Investors are reacting to the prospect of higher tax rates by selling both losing and winning stocks for the year to decrease the tax impact from their positions.
The euro zone is not inspiring confidence, either. Greece's finance minister said his country was running out of cash, growth in Germany is expected to weaken in the next two quarters, and France's central bank said the country's economy would slip into recession as 2012 ends.
Germany and France are the euro zone's two largest economies, and Greece has been scraping by, thanks to a 130-billion-euro bailout.
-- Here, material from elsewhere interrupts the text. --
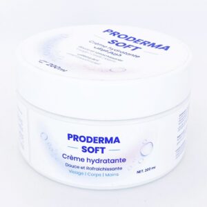 PRODERMA SOFT Crème Hydratante 200ML Proderma Soft Crème Hydratante – 200 ml est une crème polyvalente à la texture légère et veloutée, conçue pour hydrater et adoucir la peau du visage, du corps et des mains. Enrichie en agents émollients et rafraîchissants, elle procure une sensation immédiate de confort tout en laissant la peau souple et délicatement parfumée. Bienfaits et...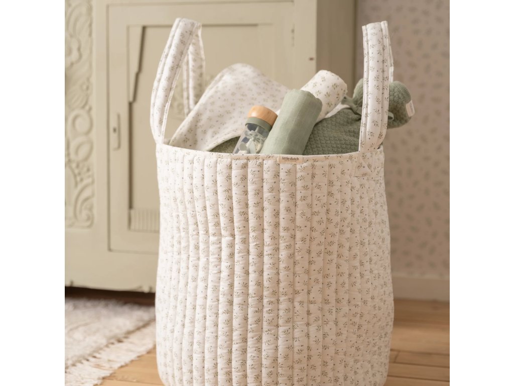 Extra velký úložný košík Little Dutch pomůže udržet dětský pokoj krásně uklizený. Je ideální na hračky, plyšáky, deky apod. a díky svému elegantnímu designu se stane stylovým doplňkem každého interiéru. Oboustranné provedení umožňuje volbu vzhledu košíku dle vašich preferencí. Velkorysý úložný prostor - perfektní pro přehledné ukládání hraček, oblečení či doplňků Pohodlné přenášení - praktické textilní úchyty usnadňují manipulaci a přenášení Měkký a odolný materiál - vyroben z 100% organické bavlny, s prošívanou, polstrovanou strukturou, která působí luxusně a je příjemná na dotek Stylový design - jemný vzor Blueberry Leaves v odstínu zelené dodá pokojíčku přirozený a klidný vzhled Univerzální využití - hodí se jako praktický i dekorativní doplněk do dětského pokoje, herny i obývacího pokoje Košík je součástí designové kolekce textilních doplňků Little Dutch Blueberry Leaves. Složení: 100% organická bavlna, výplň 100% polyester Rozměry: 35 x 35 x 45 cm Možno prát v pračce.Doplňkové parametry

International Game Technology gained 5.2 percent to $13.50 after the slot machine company reported better-than-expected fourth-quarter earnings.
Lions Gate Entertainment Corp jumped 14.3 percent to $16.68 after reporting earnings of $75.5 million, an above-expectation figure that was boosted by the studio's blockbuster movie, "The Hunger Games.
According to Thomson Reuters data through Friday, of the 449 companies in the S&P 500 that have reported earnings, 63.3 percent have topped analysts' expectations - slightly above the 62 percent average since 1994, but below the 67 percent beat rate over the past four quarters.
But revenue results remain disappointing, with only 38.2 percent of companies topping expectations - well below the 62 percent average since 2002, and the 55 percent beat rate over the past four quarters.